Is there a silver lining within destruction?

Novels that are banned tend to have one major thing in common and that is that people fear what they don’t understand. Kurt Vonnegut’s Slaughterhouse Five does just that. It is uncomfortable to comprehend because of its unconventional style and plot. It presents to the us the ugliness of war and of the ability that American’s have “to sweep things under the rug” during tough and challenging times. This novel raises a lot of questions about war and the corruption involved. Including the experiences of some soldiers both before and after the war.
            When the novel begins we are introduced to Vonnegut and he, still after many years being out of the war, has difficulty dealing with his experiences as a prisoner of war in Dresden during World War II. When we meet the protagonist, Billy Pilgrim we immediately connect him to Vonnegut himself and catch a glimpse of the life of an American soldier both during war and after. As we travel through Billy’s life, paragraph by paragraph, we begin to understand the effects of war on a person. Constantly faced with death and difficult decisions, Billy’s life in Dresden is not a particularly pleasant one. When we get chapter 10 Vonnegut’s voice comes back and we hear of what is presently going on during the time of publication of the novel. The entire novel is setup as a commentary to illustrate the wrongdoings of politics, capitalism, war, and religion.
            The different times throughout Billy’s life correlate in an interesting way. We jump from an event in Dresden, back home with his wife, back to Dresden, back to his childhood, on Tralfmadore, back to Dresden again. Readers are encouraged to take a step back and look at life and death carefully. If we had the ability to travel through our own lives, we would probably do it, and we would know how we would die but as Vonnegut would say it’s inevitable and “so it goes”. Even if you leave war unharmed you still witness death and know that one day we all die regardless. It is a challenging concept which probably scares a lot of individuals which explains why such a novel would be banned.
            Vonnegut also is very much an atheist. This novel brings out those atheist ideals: “On Tralfamadore, says Billy Pilgrim there isn’t much interest in Jesus Christ. The Earthling figure who is most engaging to the Tralfamadore mind he says, is Charles Darwin who taught that those who die are meant to die, that corpses are improvements. So it goes, (269.)” Religion is not a part of Tralfamadore mainly because of their ideals on death. There is no such thing as an afterlife, which goes against certain religious values making this novel potentially a threat to those values held dearly by many.

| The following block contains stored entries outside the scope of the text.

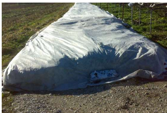
Controllare idratazione delle piante di fragola svernate sotto tessuto non tessuto

Nel caso di interventi con prodotti fitosanitari per la difesa utilizzare formulati autorizzati in etichetta per queste patologie e non superare le dosi massime consentite. Si raccomanda di rispettare le dosi massime ad ettaro riportate in etichetta. Trattare in giornate miti ed in assenza di vento.
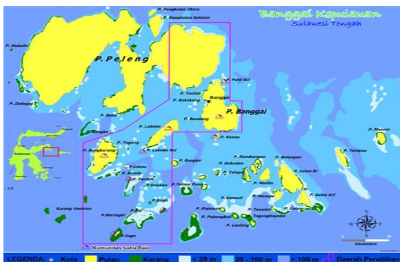
Gambar 1. Lokasi Pengamatan, di Kabupaten Banggai Kepulauan

Pengamatan dilakukan di Kabupaten Banggai Kepulauan dengan melakukan survey ke beberapa lokasi yang berpotensi sebagai objek wisata bahari dan melakukan wawancara dengan penduduk setempat.
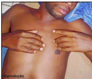
Suspeito foi preso dormindo, depois de invadir mais uma casa

Segundo informações, o suspeito, usando um garfo, foi encurralando a primeira vítima na escola e na hora baixou as vestes mostrando a
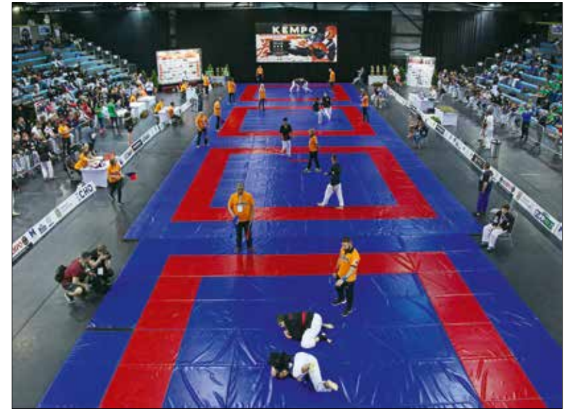
Immár másodszor adott otthont a MOM Sport az IKF Kempo Világbajnokságnak

komoly kihívás, hiszen egy súlycsoporttal feljebb, a 95 kilósok között kellett helytállnom” – foglalta össze tapasztalatait a még csak 16 éves versenyző, hozzátéve, hogy a követ-
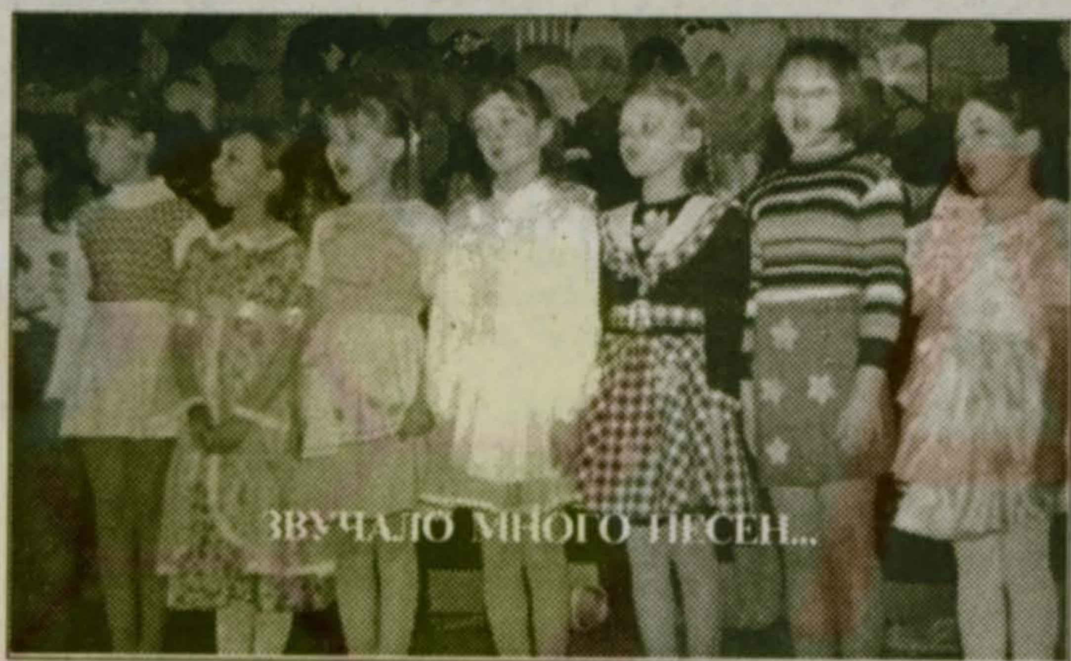
ЗВУЧАЛО МНОГО ПЕСЕН...
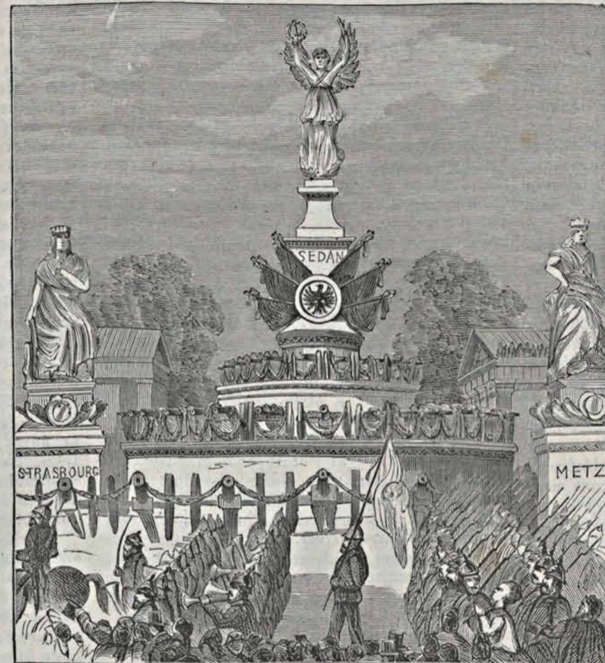
Győzelmi szobrok a berlini diadalünnepen.

Sok világot látott utazók mondják, hogy a világnak, az egy Konstantinápolyt kivéve, nincsen országos fővárosa, mely oly gyönyörű kilátást nyújtson, a milyet Buda-Pest nyújt, ha
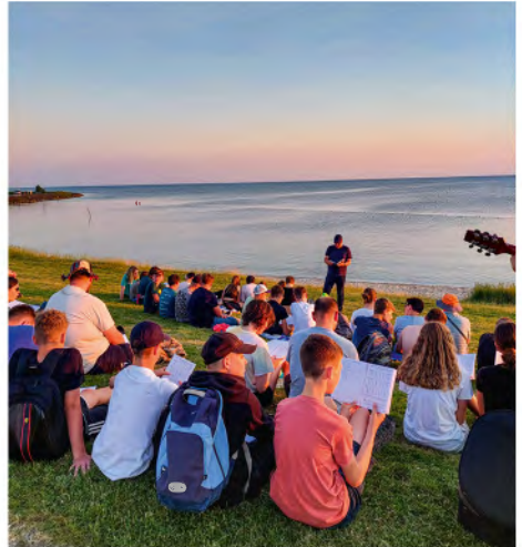
Abendandacht in Stavoren

            At the end of the novel we get this sense of hope with regards to death. Maybe a way Vonnegut perhaps dealt with the death and destruction he saw throughout his life. “If what Billy Pilgrim learned from the Tralfamordians is true, that we all live forever, no matter how dead we sometimes seem to be I am not overjoyed. Still-if I’m going to spend eternity visiting this moment and that, I’m grateful that so many of these moments are nice, (269).” This is promising for the end of the novel. It leaves readers with a sense of hope that regardless of all the destruction and corruption, there are nice moments in between, but it’s how we choose to interpret those moments and what we decide to focus on in life that make living worthwhile. By banning this novel many people, especially students may not fully understand that message. Ironically, this is a moral even if Vonnegut does not improve of finding the moral in the story. Perhaps reading this novel we can choose to take what we want from it and gain a better understanding of how war can affect people in so many different ways throughout all stages of life, and to also remember that although there is war and violence there are lot of pleasant moments shared every day between individuals.